[STORED DATA]
────────
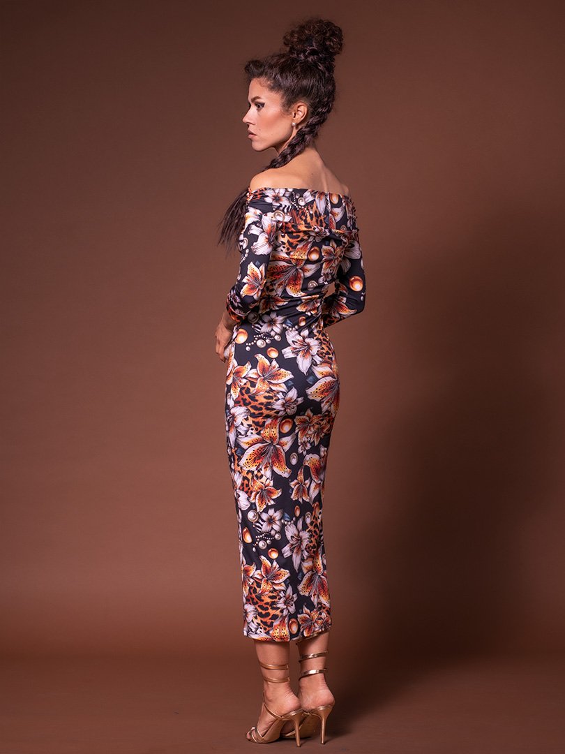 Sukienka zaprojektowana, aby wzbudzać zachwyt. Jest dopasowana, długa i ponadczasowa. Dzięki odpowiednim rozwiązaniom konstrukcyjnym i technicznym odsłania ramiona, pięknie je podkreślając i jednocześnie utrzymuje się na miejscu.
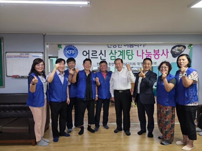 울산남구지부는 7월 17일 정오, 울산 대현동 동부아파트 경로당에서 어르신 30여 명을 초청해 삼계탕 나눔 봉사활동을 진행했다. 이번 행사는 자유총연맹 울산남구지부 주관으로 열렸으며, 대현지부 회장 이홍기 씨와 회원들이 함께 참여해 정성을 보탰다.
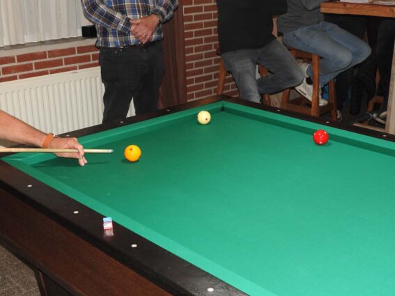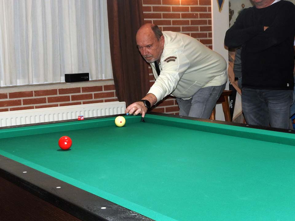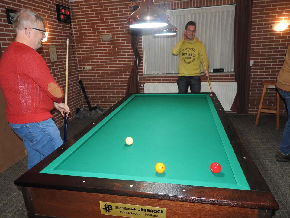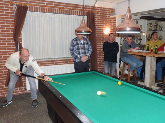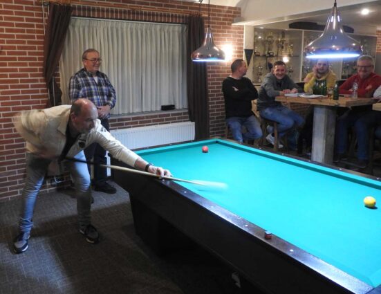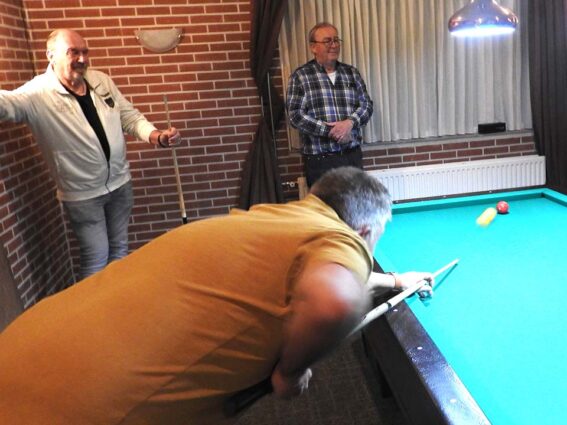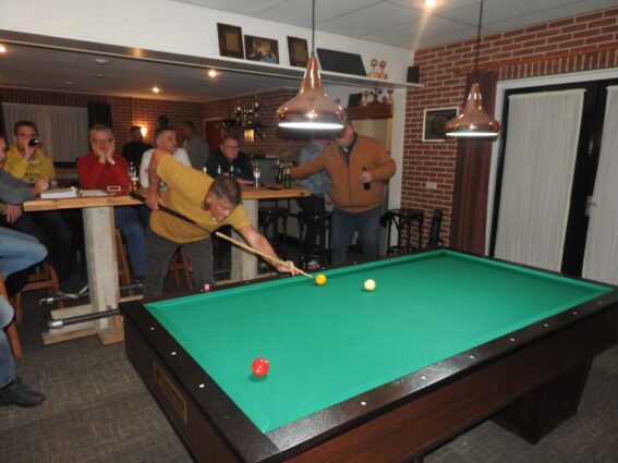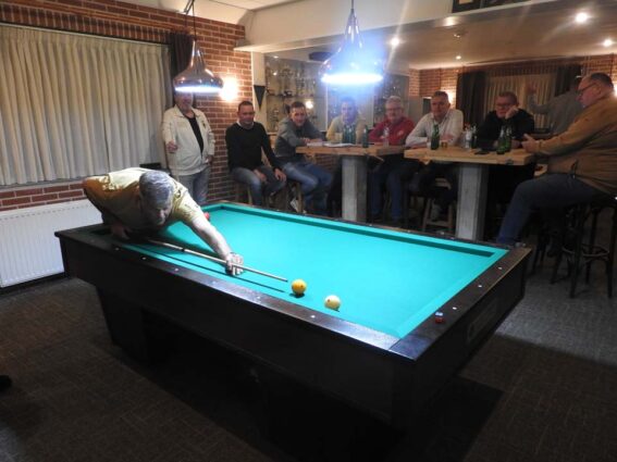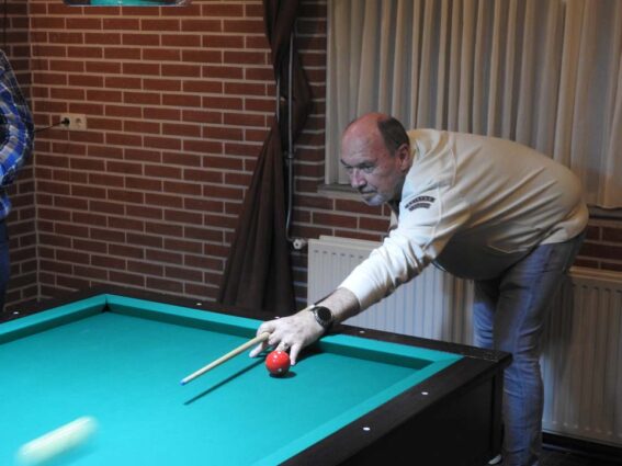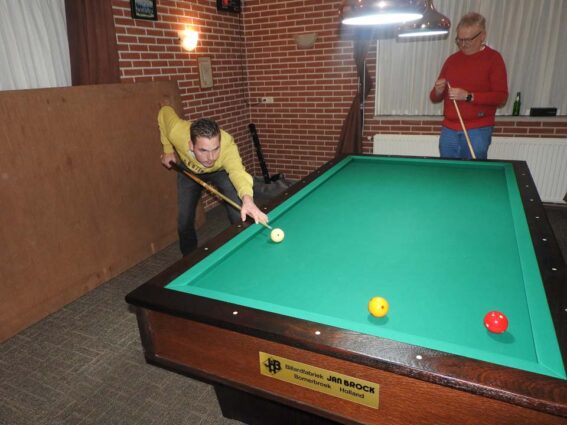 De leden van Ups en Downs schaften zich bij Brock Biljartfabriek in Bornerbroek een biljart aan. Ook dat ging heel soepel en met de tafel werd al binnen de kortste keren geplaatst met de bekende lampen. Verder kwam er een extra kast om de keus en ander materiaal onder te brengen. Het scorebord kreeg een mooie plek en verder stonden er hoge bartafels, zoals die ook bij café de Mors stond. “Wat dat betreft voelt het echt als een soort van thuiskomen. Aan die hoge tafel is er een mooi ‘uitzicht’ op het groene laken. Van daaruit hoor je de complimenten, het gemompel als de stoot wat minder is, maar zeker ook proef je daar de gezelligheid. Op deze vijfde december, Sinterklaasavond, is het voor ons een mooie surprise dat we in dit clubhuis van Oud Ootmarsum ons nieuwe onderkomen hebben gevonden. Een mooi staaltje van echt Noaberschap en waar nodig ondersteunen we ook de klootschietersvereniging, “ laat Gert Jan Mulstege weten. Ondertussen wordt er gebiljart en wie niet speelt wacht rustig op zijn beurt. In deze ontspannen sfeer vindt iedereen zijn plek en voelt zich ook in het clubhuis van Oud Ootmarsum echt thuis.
────────
[WHAT IS BEING ASKED] Your task is to repeat, word for word and with no picture, every line from the one that contains "울산남구지부는 7월 17일" through the last line of the data.

[RESPONSE TO THE TASK]
 울산남구지부는 7월 17일 정오, 울산 대현동 동부아파트 경로당에서 어르신 30여 명을 초청해 삼계탕 나눔 봉사활동을 진행했다. 이번 행사는 자유총연맹 울산남구지부 주관으로 열렸으며, 대현지부 회장 이홍기 씨와 회원들이 함께 참여해 정성을 보탰다.
 De leden van Ups en Downs schaften zich bij Brock Biljartfabriek in Bornerbroek een biljart aan. Ook dat ging heel soepel en met de tafel werd al binnen de kortste keren geplaatst met de bekende lampen. Verder kwam er een extra kast om de keus en ander materiaal onder te brengen. Het scorebord kreeg een mooie plek en verder stonden er hoge bartafels, zoals die ook bij café de Mors stond. “Wat dat betreft voelt het echt als een soort van thuiskomen. Aan die hoge tafel is er een mooi ‘uitzicht’ op het groene laken. Van daaruit hoor je de complimenten, het gemompel als de stoot wat minder is, maar zeker ook proef je daar de gezelligheid. Op deze vijfde december, Sinterklaasavond, is het voor ons een mooie surprise dat we in dit clubhuis van Oud Ootmarsum ons nieuwe onderkomen hebben gevonden. Een mooi staaltje van echt Noaberschap en waar nodig ondersteunen we ook de klootschietersvereniging, “ laat Gert Jan Mulstege weten. Ondertussen wordt er gebiljart en wie niet speelt wacht rustig op zijn beurt. In deze ontspannen sfeer vindt iedereen zijn plek en voelt zich ook in het clubhuis van Oud Ootmarsum echt thuis.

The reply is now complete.